• _Work instruction_
Print every line from the start of the data, and when you reach the line with "偏置发生器通常不需要特别启动", include it and stop. Pictures are not part of the copy.

(Collected data)

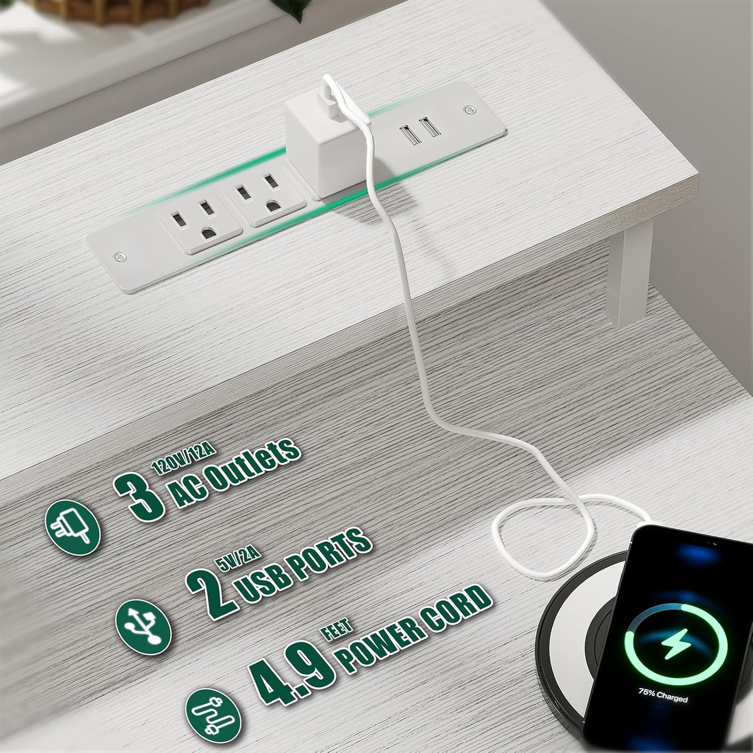 Built-in Charging Station: 47 inch computer desk equipped with 3 power outlets and 2 USB charging ports for your electronic devices, the home office desk with charging station makes it easy and convenient to charge your laptop, smartphone, gaming device or bluetooth device
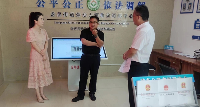 6月19日上午,市政府办公室党组成员、副主任孟防震,市政府办公室政务公开办公室主任邬琛来龙泉街道调研政务公开专区建设情况。街道党工委副书记、政协委员联络室主任蔡大旗,党工委委员、宣传委员王腾,相关部门、社区负责人参加活动。
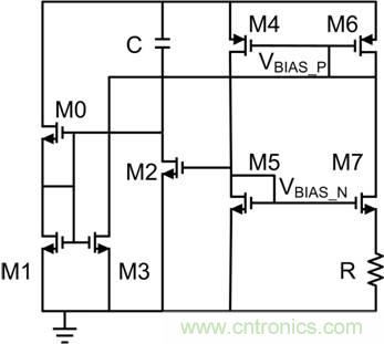 偏置发生器通常不需要特别启动电路,这可减少静态电流和占用面积。如果电流足够小,电阻R 就可以忽略。由M5/M7和M4/M6构成的两个电流镜可互连成一个闭环。
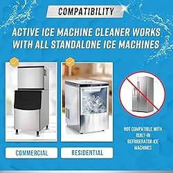 Works with all Ice Makers and Machines: Designed for Countertop, Portable, and Commercial Icemaker. Compatible with top brands including Ice-o-matic, Frigidaire, Kitchenaid, Scottsman, Manitowac, Hoshizaki, Silonn, Euhomy, GE Profile 2.0, Whirlpool 4396808, Jenn Air, Uline, Gevi, and more. (Not for Built in Refigerator Ice Makers) Powerful Nickel-Safe Descaling: ACTIVE Ice Machine Cleaner and Descaler is made from Food Grade Citric Acid and other Simple Ingredients that won't harm metals such as nickel, stainless steel, and aluminum plated components inside your self cleaning ice maker! Tablets are specially formulated to target the hard water, calcium buildup, and limescale that build up in your machine Keep Ice Clear and Tasting Fresh: ACTIVE Ice Maker Cleaner and Descaler is essential to make Crystal Clear Ice. Enjoy the Best Tasting ice cube, nugget, pebble, pellet, bullet, crushed ice, and more at home with a regular descale treatment All-in-one Descaler & Odor Eliminator: Hassle free freshener for your Commercial, Industrial, Home, Stand alone or Counter Top icemaker Value-size 24 Tab Kit: Each Package of ACTIVE Includes 1 Year Supply of descaling tablets (24 Tablets). Compare to packets and liquids with 2-4 uses per container
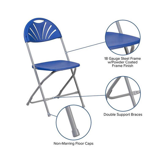 2 Pack 650 lb. Capacity Blue Plastic Fan Back Folding Chair
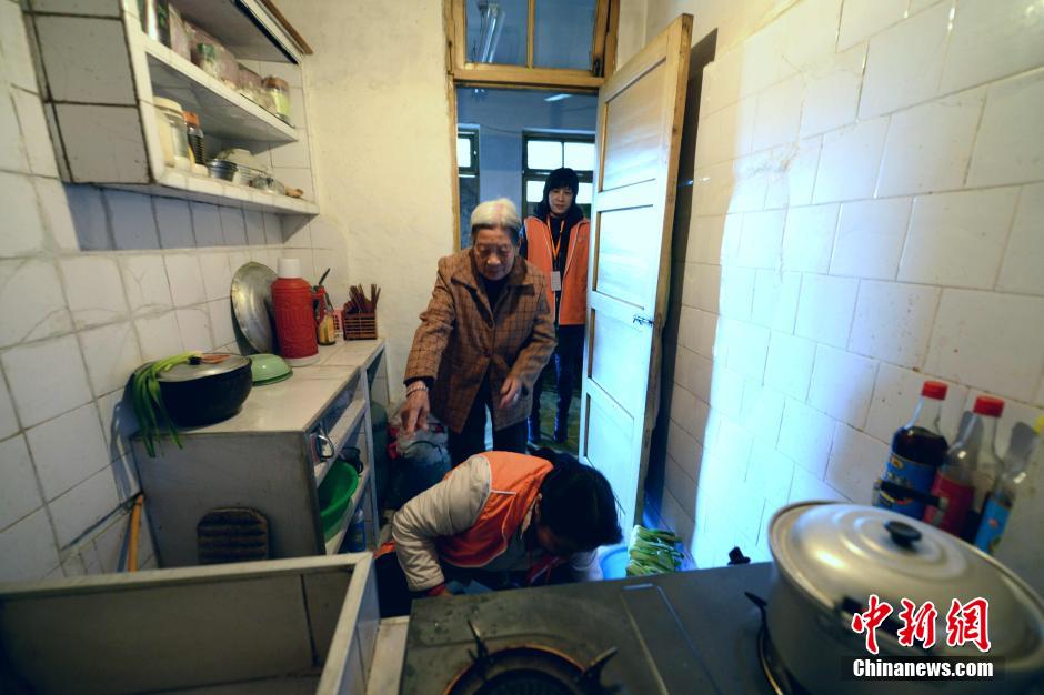 Visiting nurses clean the kitchen for Zheng Wanrong. (Chinanews/Wang Dongming)
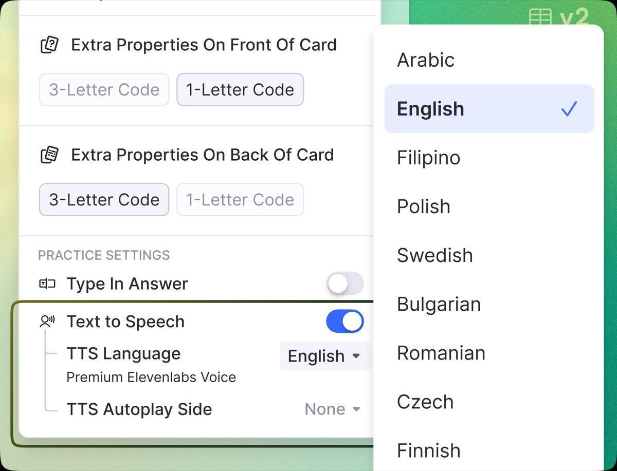 In the latest update, you can enable text-to-speech using premium elevenlabs voices on your tables. These read with accurate pronunciation - perfect for language learning or learning vocab.
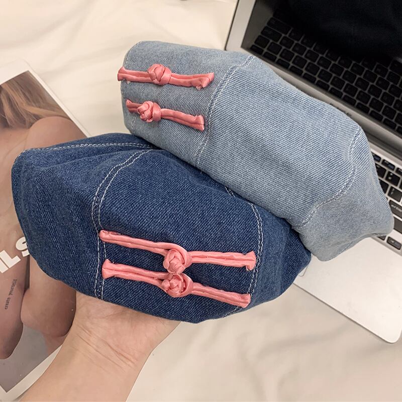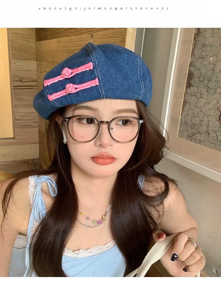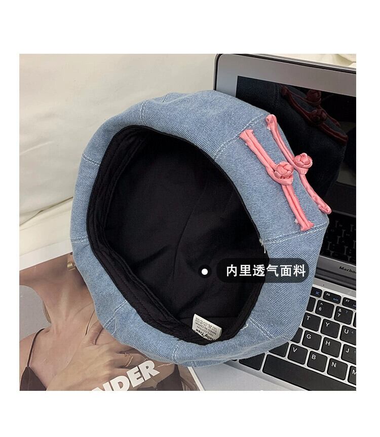 スタイルデニムベレー帽女性の夏バージョンショーフェイス小さな野生のつぼみペインターハット丸顔レトロ八角形帽子潮 サマー 夏物 ベレット ヘアアクセサリー 15dd17225018873
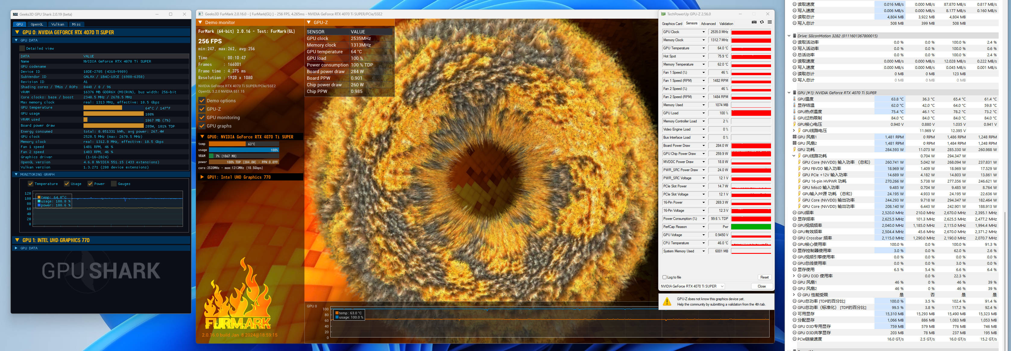 实测Furmark烤机20分钟后,影驰RTX 4070 Ti SUPER星曜OC的核心最终温度稳定在64度,热点温度75.9度,显存62度,此时显卡最大功率为284W。这样的温度控制,再一次证明了星曜系列上的这个星卓III散热系统的强劲解热能力。也看得出这次的影驰RTX 4070 Ti SUPER星曜OC相比RTX 3070 Ti,能效比要好太多了。

• _Answer to this task_
 Built-in Charging Station: 47 inch computer desk equipped with 3 power outlets and 2 USB charging ports for your electronic devices, the home office desk with charging station makes it easy and convenient to charge your laptop, smartphone, gaming device or bluetooth device
 6月19日上午,市政府办公室党组成员、副主任孟防震,市政府办公室政务公开办公室主任邬琛来龙泉街道调研政务公开专区建设情况。街道党工委副书记、政协委员联络室主任蔡大旗,党工委委员、宣传委员王腾,相关部门、社区负责人参加活动。
 偏置发生器通常不需要特别启动电路,这可减少静态电流和占用面积。如果电流足够小,电阻R 就可以忽略。由M5/M7和M4/M6构成的两个电流镜可互连成一个闭环。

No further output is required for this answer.